Kementerian Kebudayaan Republik Indonesia secara resmi menetapkan tradisi Maapam dan Tari Salapan Aia Bangih sebagai Warisan Budaya Takbenda (WBTb) Indonesia untuk tahun 2025. Sertifikat penetapan diserahkan Gubernur Sumatera Barat Mahyeldi Ansharullah kepada Asisten Administrasi Umum Setda Pasaman Barat Harlina Syahputri di Aula Kantor Gubernur, Padang, Jumat (28/8). Pengakuan ini bukan sekadar seremoni, melainkan afirmasi negara atas nilai sejarah, sosial, dan budaya yang melekat pada dua ekspresi budaya dari Pasaman Barat.

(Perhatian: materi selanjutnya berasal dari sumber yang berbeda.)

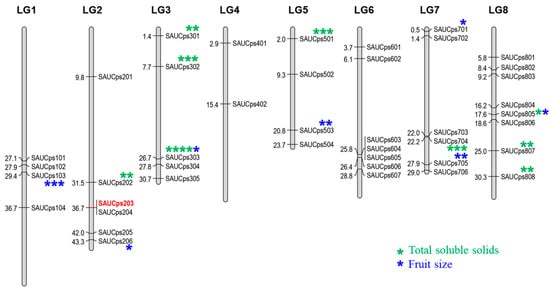 Fruit size and TSS content impact consumer acceptance and are considered as major selection criteria in cherry breeding. As glucose is the major sugar in cherry impacting TSS content [], we speculate that SAUCps303–330—close to glucose-associated peak signals in a previous study []—may serve as a potential functional marker for mining TSS-related genes. According to the genome annotation results of Chinese cherry, scaffold_2_3446 at 5.96 kb downstream of SAUCps206–171 is putatively homologous to the MSI4 gene which negatively regulates the cell cycle that may affect cell growth and division []. Additionally, scaffold_8_1115 is predicted as a homologous gene of SAUR20 [], which was speculated to increase fruit size by accelerating cell expansion in the mesocarp during the second rapid expansion period of Chinese cherry. The above results might contribute to the body of knowledge on the genetic control of important fruit traits in Chinese cherry.

Maapam, tradisi kuliner khas Minangkabau, lebih dari sekadar kegiatan memasak kue apam dari tepung beras, santan, dan gula aren. Proses memasak dengan tungku berbahan bakar daun kelapa dan kuali besi di ruang terbuka menjadi ritual sosial yang mempererat silaturahmi dan gotong royong. Pada 2020, kegiatan ini bahkan mencatatkan rekor MURI dengan 1.500 tungku yang menyala serentak, sebuah bukti antusiasme warga menjaga tradisi. Sementara itu, Tari Salapan Aia Bangih yang tumbuh di Nagari Aia Bangih merefleksikan nilai kekompakan dan keseimbangan masyarakat setempat, menjadikannya simbol persatuan yang hidup.
Penetapan ini menempatkan Pasaman Barat dalam peta budaya nasional yang semakin kaya. Sepanjang 2025, Sumatera Barat mencatatkan 37 karya budaya sebagai WBTb Indonesia, menunjukkan konsistensi daerah dalam melestarikan identitas. Namun, pengakuan ini juga membawa tantangan: bagaimana memastikan tradisi tidak berhenti sebagai label, melainkan terus dipraktikkan dan diwariskan. Gubernur Mahyeldi menekankan bahwa tugas selanjutnya bukan hanya menjaga sertifikat, tetapi memastikan warisan tetap hidup dan dicintai generasi muda.
Bagi Indonesia, pengakuan WBTb memiliki dampak strategis. Selain memperkuat diplomasi budaya, status ini membuka peluang pengembangan pariwisata berbasis komunitas dan ekonomi kreatif. Desa-desa budaya seperti Aia Bangih berpotensi menjadi destinasi wisata edukatif, menarik minat wisatawan domestik maupun mancanegara. Namun, tanpa regenerasi pelaku budaya dan dukungan kebijakan yang berkelanjutan, tradisi ini bisa kehilangan ruhnya di tengah arus modernisasi.
Pemerintah Kabupaten Pasaman Barat menyampaikan apresiasi kepada pemerintah provinsi, Kementerian Kebudayaan, serta para pelaku budaya, seniman, dan ninik mamak yang konsisten menjaga warisan ini. Harlina Syahputri, mewakili pemkab, menegaskan bahwa penetapan ini menjadi pengingat bahwa budaya adalah identitas hidup, bukan sekadar peninggalan masa lalu. Ia berharap pengakuan ini memacu semangat kolektif untuk terus mempraktikkan dan mengajarkan tradisi kepada generasi penerus.
Ke depan, pertanyaan yang mengemuka adalah sejauh mana penetapan ini mampu mendorong kebijakan perlindungan yang lebih konkret, seperti pendanaan kegiatan budaya, dokumentasi digital, dan integrasi tradisi dalam kurikulum pendidikan lokal. Jika tidak diikuti langkah nyata, pengakuan resmi bisa menjadi sekadar catatan administratif. Namun, dengan semangat komunitas yang telah terbukti melalui rekor MURI, optimisme untuk menjaga Maapam dan Tari Salapan tetap hidup tampaknya beralasan.